First, there is no such thing as the perfect performance of the ideal Bach; all performances are interpretations, no matter how "faithful" they claim to be to some Platonic form of the original. Even the decision to play Bach on a Steinway grand is itself anachronistic, and therefore an interpretive choice. If you're looking for the "real" Bach, you probably shouldn't be looking to a pianist in the first place. Moreover, given the fact that composers often change the music itself between performances, the notion of resolving on some sort of Authorized Version of this music is silly pseudo-sophistication.
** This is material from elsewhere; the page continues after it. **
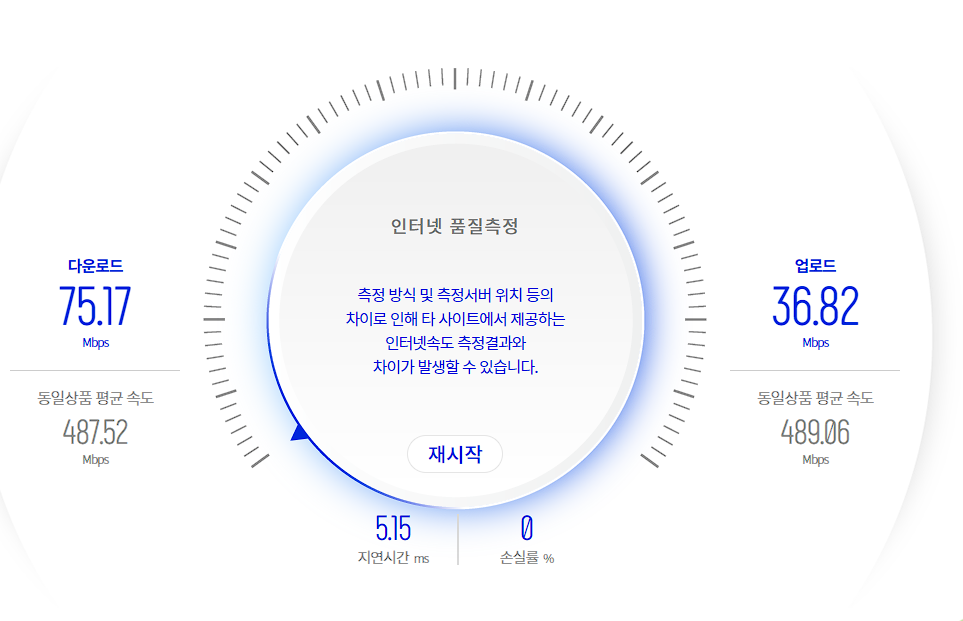 (여러 사이트(SK포함) 돌렸을때 계속 업로드속도보다 다운로드속도가 2배 빠릅니다

Nor do we know what Bach himself, who could not have imagined the technical and aesthetic changes that would come in the two and a half centuries since his death, would have thought of those innovations. Maybe, if he had been born in 1800, he would have become a wild-eyed Wagnerian mystic. None of us can know. Few artists ever resolve on some Officially Sanctioned version of their work from which any divergence is somehow a betrayal.
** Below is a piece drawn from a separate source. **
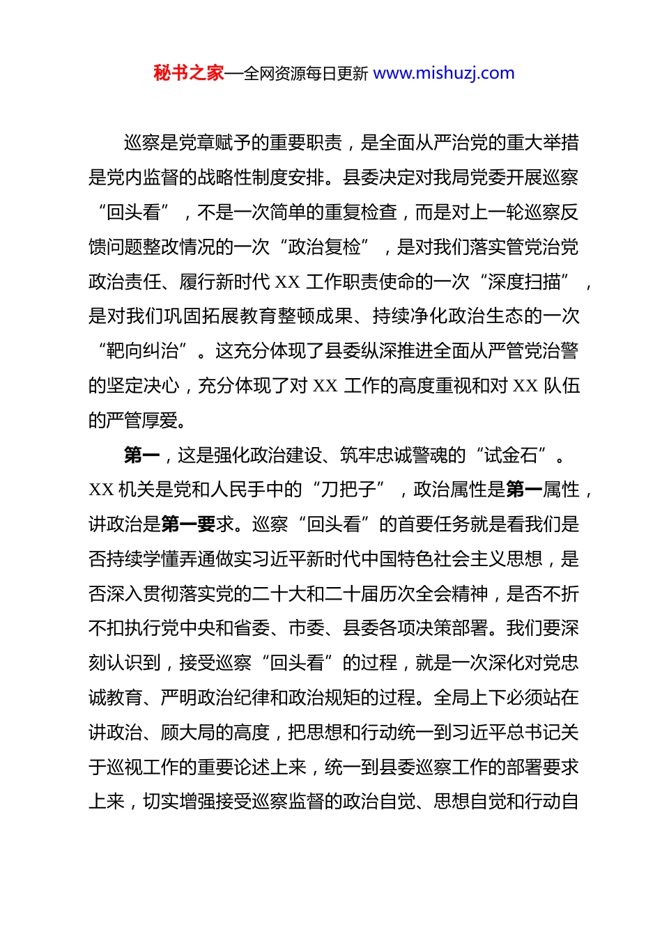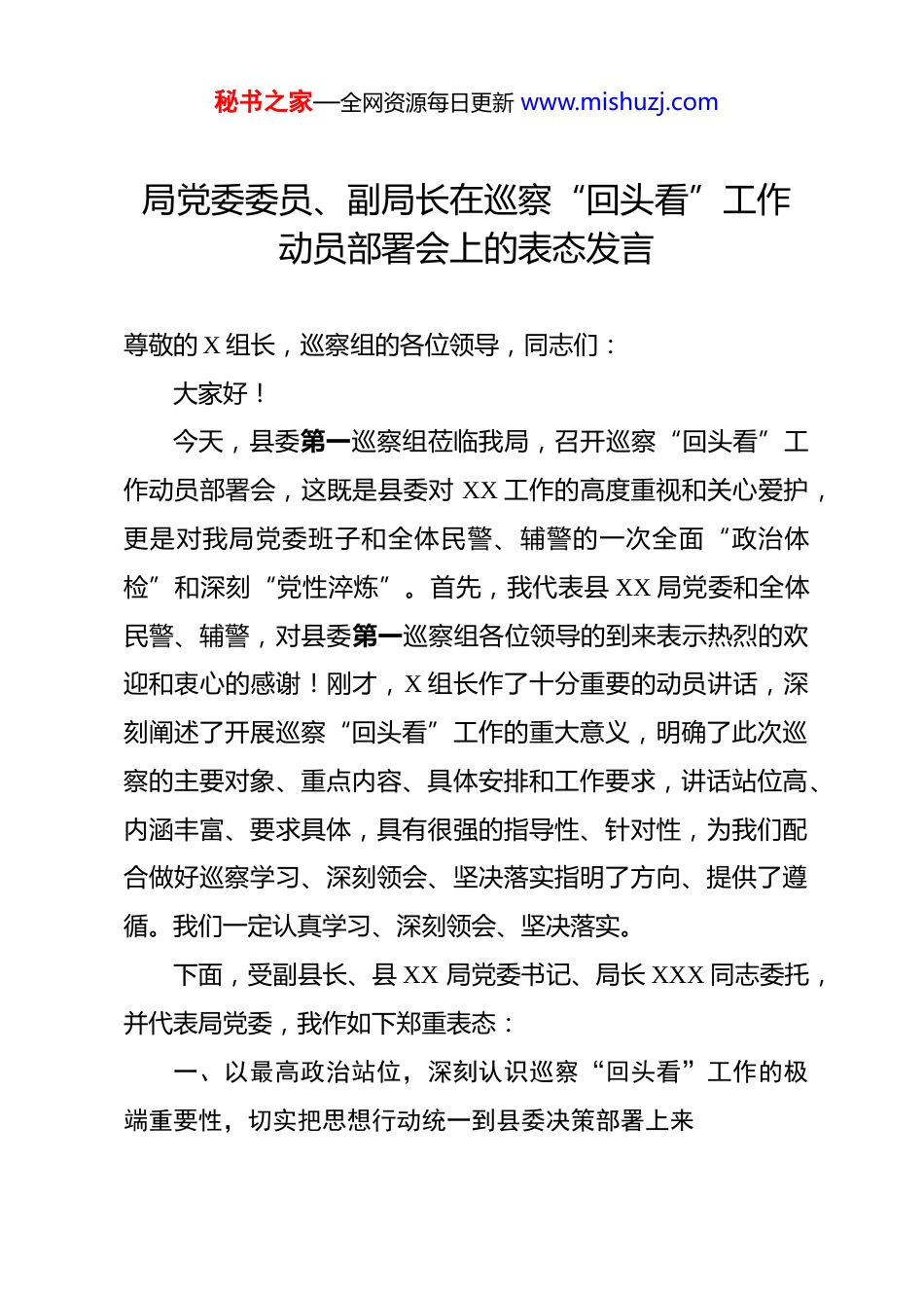秘书之家—全网资源每日更新 www.mishuzj.com局党委委员、副局长在巡察“回头看”工作动员部署会上的表态发言 尊敬的 X 组长,巡察组的各位领导,同志们:大家好!今天,县委第一巡察组莅临我局,召开巡察“回头看”工作动员部署会,这既是县委对 XX 工作的高度重视和关心爱护,更是对我局党委班子和全体民警、辅警的一次全面“政治体检”和深刻“党性淬炼”。首先,我代表县 XX 局党委和全体民警、辅警,对县委第一巡察组各位领导的到来表示热烈的欢迎和衷心的感谢!刚才,X 组长作了十分重要的动员讲话,深刻阐述了开展巡察“回头看”工作的重大意义,明确了此次巡察的主要对象、重点内容、具体安排和工作要求,讲话站位高、内涵丰富、要求具体,具有很强的指导性、针对性,为我们配合做好巡察学习、深刻领会、坚决落实指明了方向、提供了遵循。我们一定认真学习、深刻领会、坚决落实。下面,受副县长、县 XX 局党委书记、局长 XXX 同志委托,并代表局党委,我作如下郑重表态:一、以最高政治站位,深刻认识巡察“回头看”工作的极端重要性,切实把思想行动统一到县委决策部署上来秘书之家—全网资源每日更新 www.mishuzj.com巡察是党章赋予的重要职责,是全面从严治党的重大举措是党内监督的战略性制度安排。县委决定对我局党委开展巡察“回头看”,不是一次简单的重复检查,而是对上一轮巡察反馈问题整改情况的一次“政治复检”,是对我们落实管党治党政治责任、履行新时代 XX 工作职责使命的一次“深度扫描”,是对我们巩固拓展教育整顿成果、持续净化政治生态的一次“靶向纠治”。这充分体现了县委纵深推进全面从严管党治警的坚定决心,充分体现了对 XX 工作的高度重视和对 XX 队伍的严管厚爱。第一,这是强化政治建设、筑牢忠诚警魂的“试金石”。 XX 机关是党和人民手中的“刀把子”,政治属性是第一属性,讲政治是第一要求。巡察“回头看”的首要任务就是看我们是否持续学懂弄通做实习近平新时代中国特色社会主义思想,是否深入贯彻落实党的二十大和二十届历次全会精神,是否不折不扣执行党中央和省委、市委、县委各项决策部署。我们要深刻认识到,接受巡察“回头看”的过程,就是一次深化对党忠诚教育、严明政治纪律和政治规矩的过程。全局上下必须站在讲政治、顾大局的高度,把思想和行动统一到习近平总书记关于巡视工作的重要论述上来,统一到县委巡察工作的部署要求上来,切实增强接受巡察监督的政治自觉、思想自觉和行动自秘书之家—全网资源每日更新 www.mishuzj.com觉。要把这次巡察“回头看”作为检验我们“四个意识”强不强、“四个自信”坚定不坚定、“两个维护”坚决不坚决的“试金石”,始终在政治立场、政治方向、政治原则、政治道路上同党中央保持高度一致,确保 XX 队伍绝对忠诚、绝对纯洁、绝对可靠。第二,这是检验整改成效、巩固拓展成果的“助推器”。巡察工作的生命力在于成果运用,关键在于问题整改。上一轮巡察为我们精准把脉、开出良方,帮助我们解决了一批长期想解决而未解决的难题。但整改工作只有进行时,没有完成时。这次“回头看”,就是要聚焦上轮巡察反馈问题的整改落实情况,重点检查整改责任是否压实、整改措施是否落地、整改效果是否持久、长效机制是否建立。我们要防止问题反弹回潮,坚决杜绝“纸面整改”“虚假整改”,是对我们整改决心、整改态度、整改能力的再次检验。全局上下要以“永远在路上”的执着,对巡察整改工作再审视、再盘点、再深化,决不能有“闯关”思想,决不能有“歇脚”念头,必须以实实在在的整改成效,向县委和全县人民交出一份满意的答卷。第三,这是推动 XX 工作高质量发展、提升履职能力的“动力源”。当前,我县正处在高质量发展的关键时期,维护国家安全、社会安定、人民安宁的任务艰巨繁重。XX 工作面秘书之家—全网资源每日更新 www.mishuzj.com临的风险挑战前所未有,肩负的职责使命更加重大。巡察“回头看”不仅是对我们工作的一次全面检阅,更是帮助我们发现问题、补齐短板、改进工作、推动发展的宝贵契机。我们要把这次巡察“回头看”作为查找工作差距、改进工作作风、...

Second, even if Bach had done that, it would still be a perfectly legitimate aesthetic choice to disregard such injunctions. There is nothing objectionable in Grimaud putting a romantic spin on Bach. If she finds an element in baroque music that she would like to draw out and express in her own way, then what she produces is her own art, which deserves to be evaluated on its own terms. Shakespeare stole his plotlines from Plutarch and other sources, but we wouldn't dream of criticizing him for not telling the "true" story of how Julius Caesar was killed! If you don't like Shakespeare's Julius Caesar on its own terms, then that is a reasonable position to take, but you can't condemn him for somehow betraying Plutarch or not understanding what Plutarch was trying to do. Likewise, if Grimaud's statement doesn't resonate with you--if you consider romanticism to be "oozing"--then that's fine, and you have a right to dislike the work. But as long as she's competent at the keyboard (which she certainly is, in spades), then there's no basis other than snobbery for criticizing her for not being "true" to Bach, which 1) she does not claim to be, 2) she has no obligation to be, and 3) no person ever actually could be anyway.
So much for "villegem." Now, how well does the product hold up? Very well indeed. There are some minor problems--Grimaud tends to make certain whispering noises while playing that can be a little distracting. Not like Keith Jarrett or anything, but a little annoying at times. And there are some parts of the concerto that get a little dull. They last no more than a minute, though. And, again, the Prelude and Fugue in A Minor (as transcribed by Liszt--again, Grimaud doesn't pretend to be performing some abstract Authoritative Bach) is marvelous. She draws out things in Bach's music that I had not noticed before, and has given me a greater appreciation for his artistry also. And what more can one ask of a concert pianist?"